### RECORDS PROVIDED
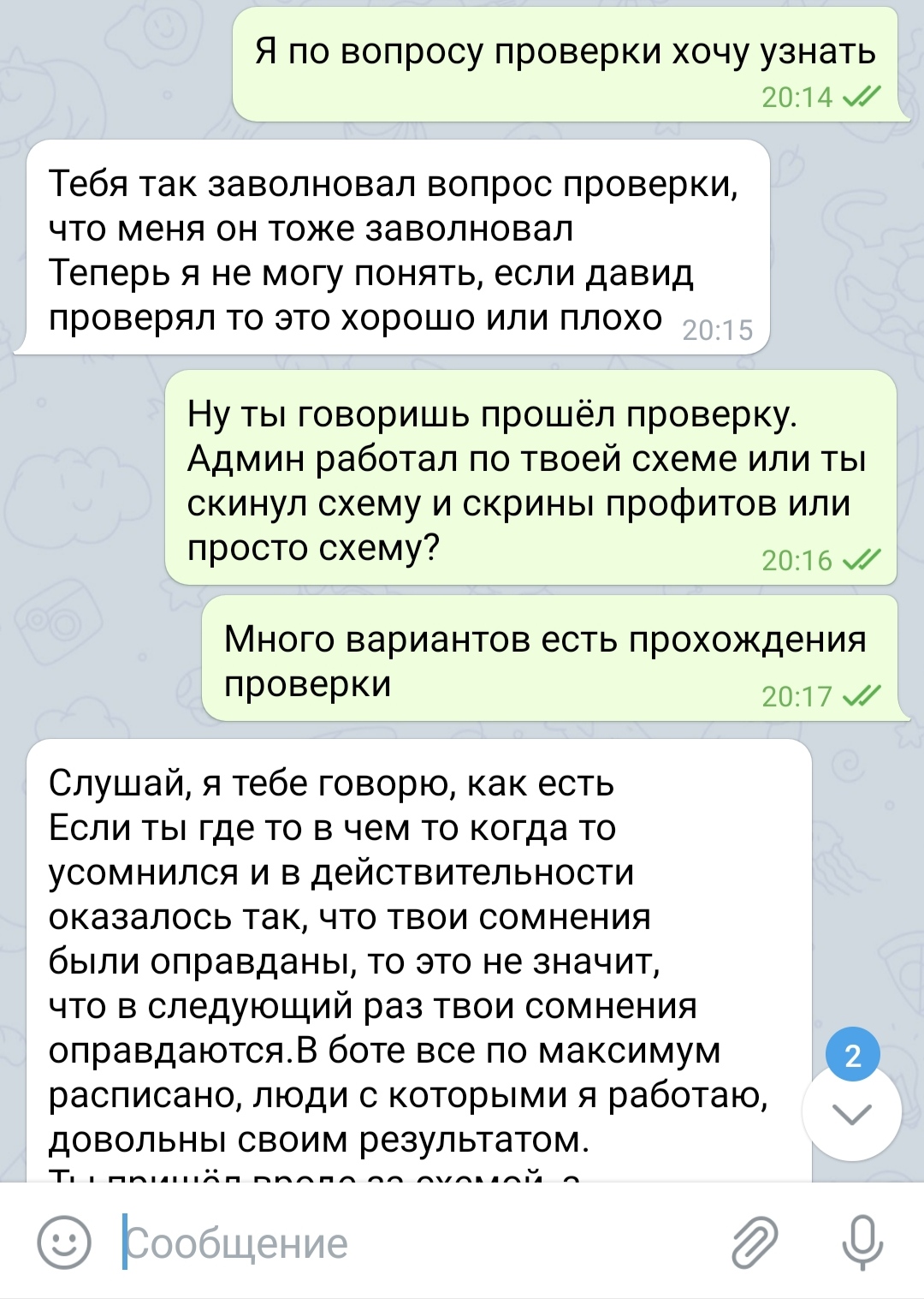 2. Утверждая что администратор у которого он проходил проверку Работал по его схеме, но пруфов предоставить не смог. Даже внятно объяснить каким образом проходила проверка не смог.
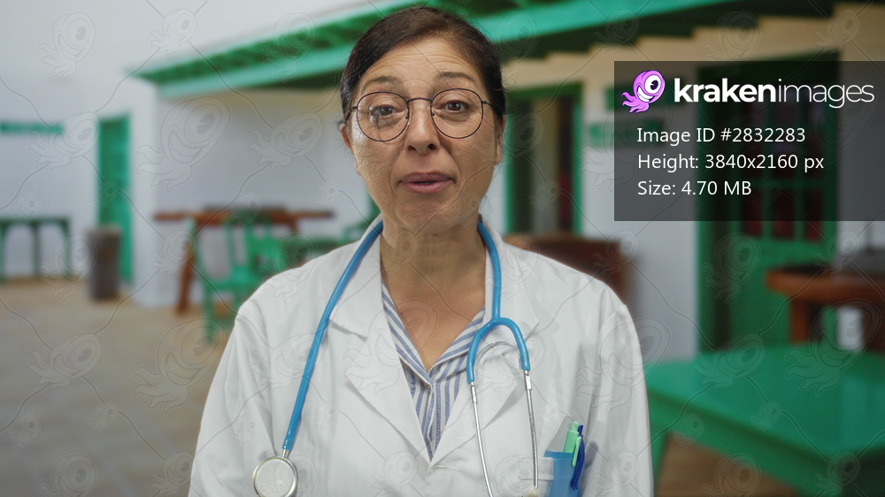 Woman wearing stethoscope and white coat at building entrance holds calm gaze and steady stance; compassion.
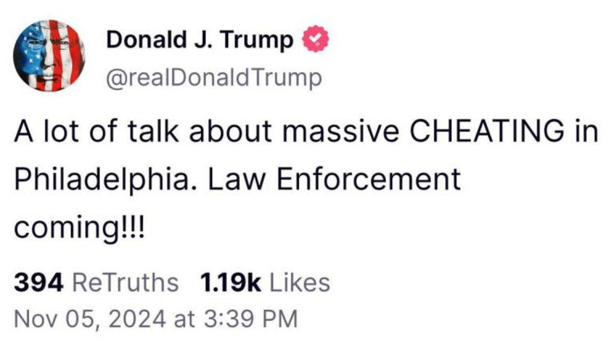 Trump thinks he's losing Pennsylvania...Stay in line Philly!
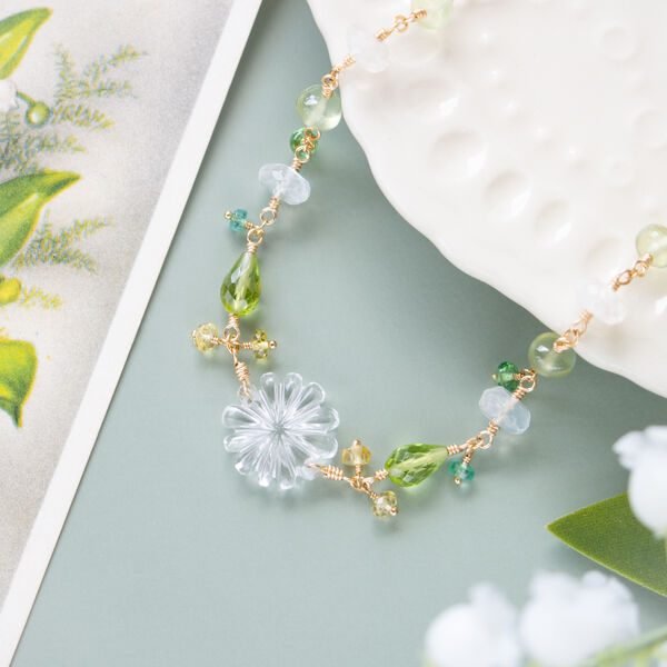 マーガレット*クリスタル(フラワー)と天然石(ペリドット・プレナイト・ムーンストーン)のブレスレット(14KGF)
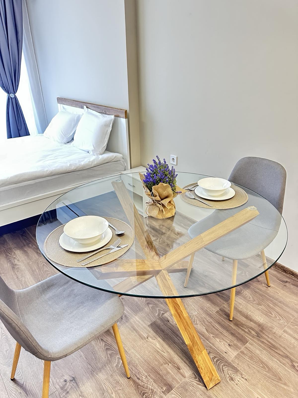Apartment provides double bed, foldable sofa and fordable single bed ,fully equipped kitchen with cookware, tableware, dining area, bathroom with shower cabin, airconditions private parking place. Good for couples, solo travelers, business travelers, and families with kids.
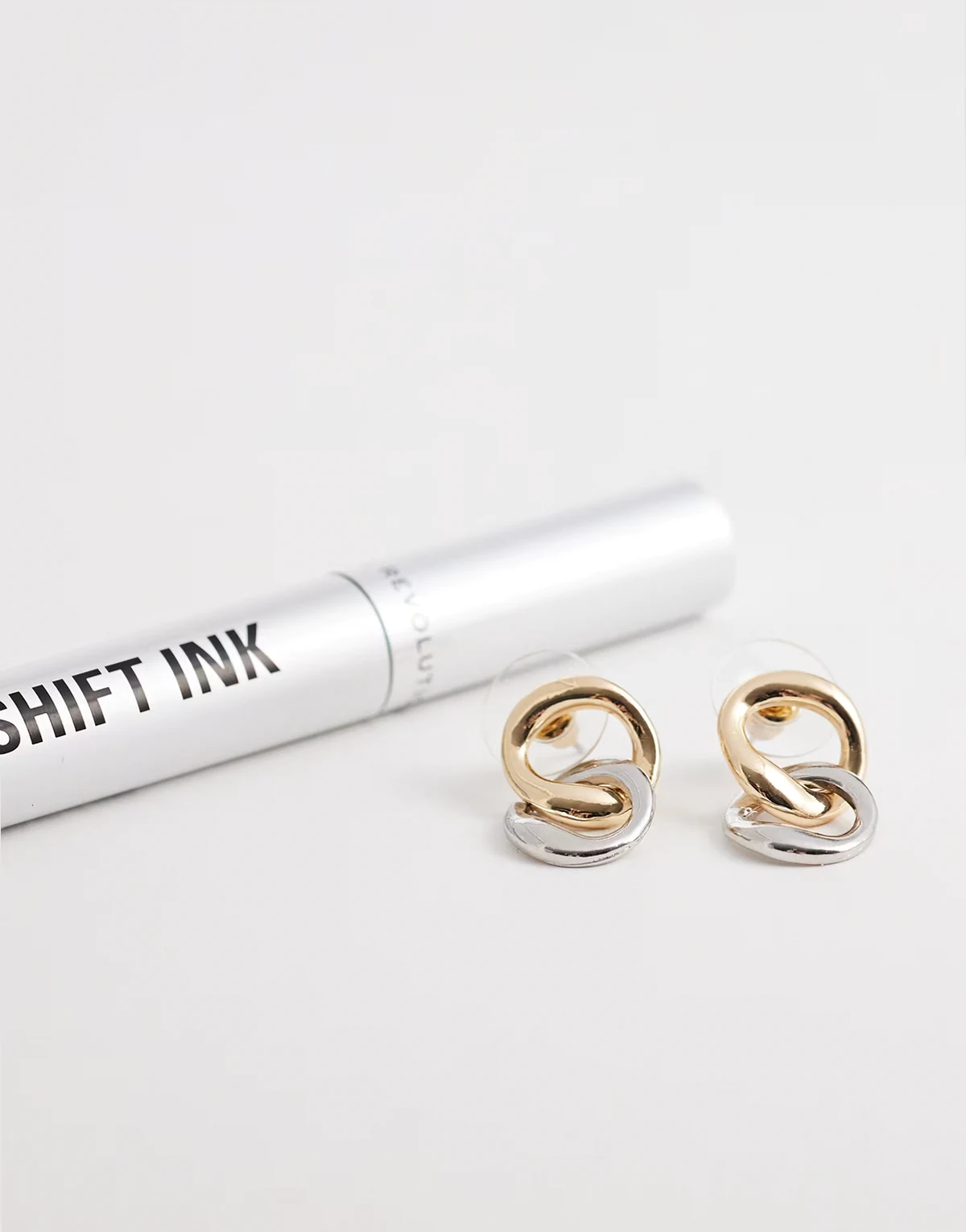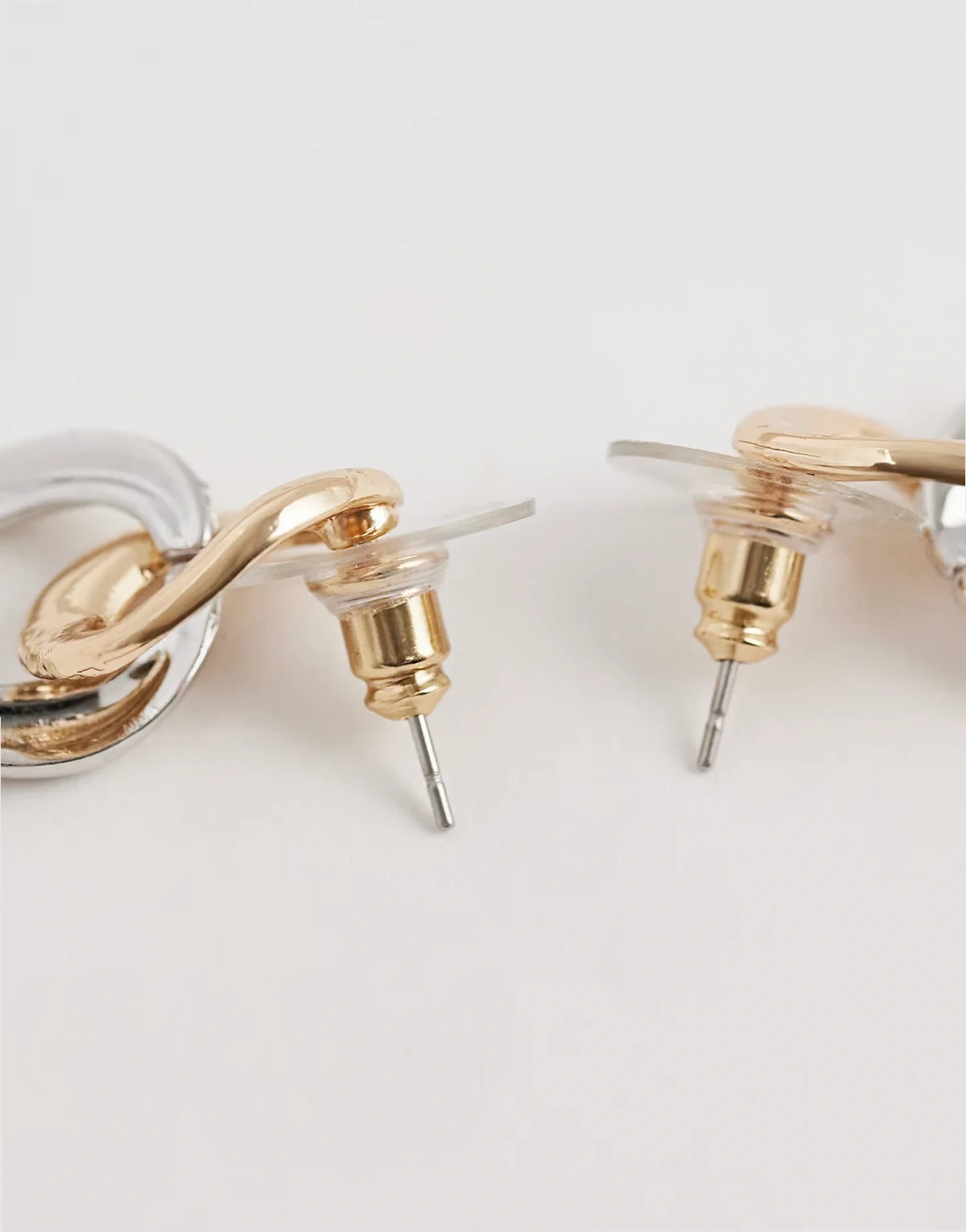 mixed metal linked hoop stud earrings in gold and silver
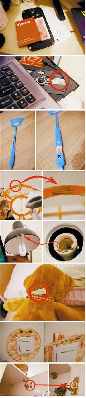 最近,网友整理出15处藏私房钱的最佳地,一度成为各大论坛转载的热点。这15个藏钱处包括:电脑光驱、手机电池背后、衣架底部、灯泡接口处、烟盒里、衣橱合页内、苍蝇拍的空心手柄、开关装饰物背后、毛绒玩具的围巾里……令人大开眼界。很多男性网友刚看到帖子时如获至宝,表示“回家就藏起来”。不少女网友看到帖子后掩饰不住内心狂喜,“回家就按图索骥地搜查”。
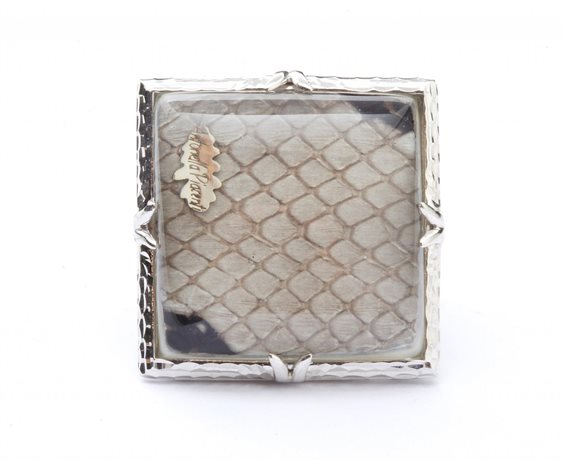 anello in argento e resina naturale epossidica, contenente pelle di pitone di forma quadrata.anello in argento massiccio 925%°, con corona misura 30x30mm diamantata a mano, completo di resina naturale epossidica trasparente contenente elementi fantasia e 2 ovali in resina colore avorio riportanti le iniziali AP di Antonella Piacenti. All'interno sistema regolabile in argento 925%° per il diametro del dito.
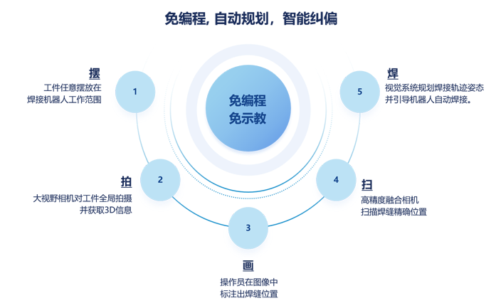 除焊缝类型,焊缝位置外,提供焊缝特征空间数据及快速手眼标定模块
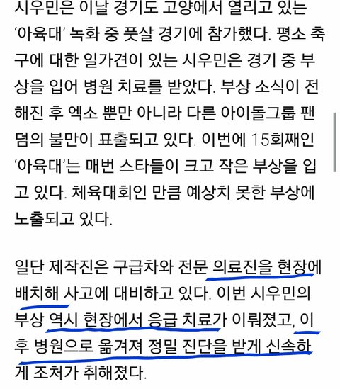 엑소 멤버 시우민이 풋살 경기에 참여했고 경기 도중 상대팀 태클에 걸렸음. 4~5바퀴 구를 정도였고 걷지 못할 정도로 심각한 상황이였음
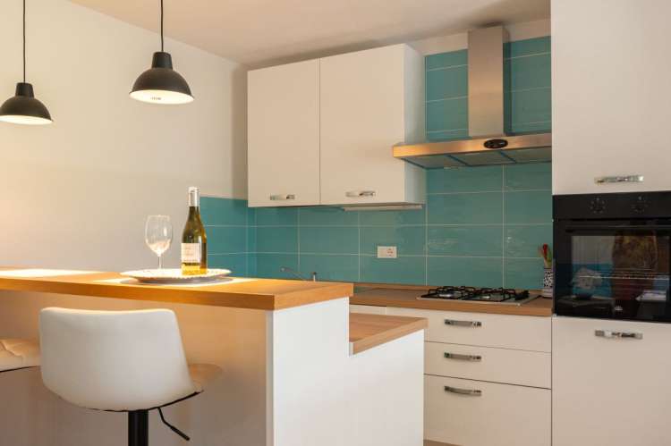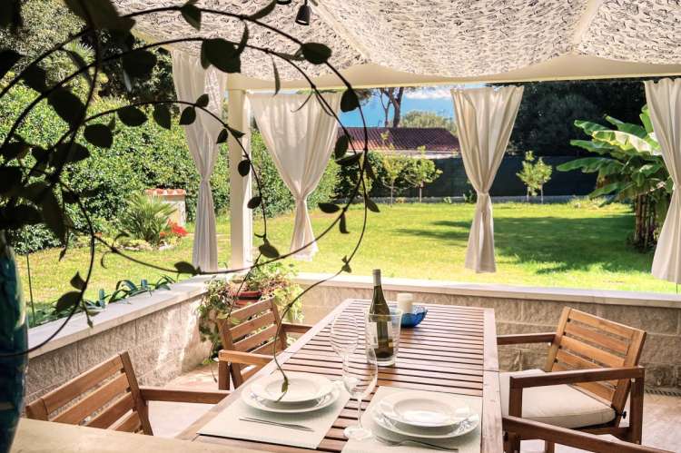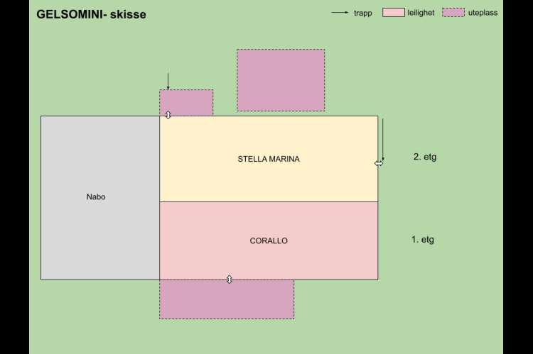 Huset Gelsomini er nyrenovert fra 2025. De to leilighetene har innganger og uteplasser på hver sin side av huset.

### TASK TO COMPLETE
Working from the records above, set down word for word everything from the line containing "mixed metal linked" down to the line containing "最近,网友整理出15处藏私房", ends included, minus the pictures.

### EXERCISE SOLUTION
 mixed metal linked hoop stud earrings in gold and silver
 最近,网友整理出15处藏私房钱的最佳地,一度成为各大论坛转载的热点。这15个藏钱处包括:电脑光驱、手机电池背后、衣架底部、灯泡接口处、烟盒里、衣橱合页内、苍蝇拍的空心手柄、开关装饰物背后、毛绒玩具的围巾里……令人大开眼界。很多男性网友刚看到帖子时如获至宝,表示“回家就藏起来”。不少女网友看到帖子后掩饰不住内心狂喜,“回家就按图索骥地搜查”。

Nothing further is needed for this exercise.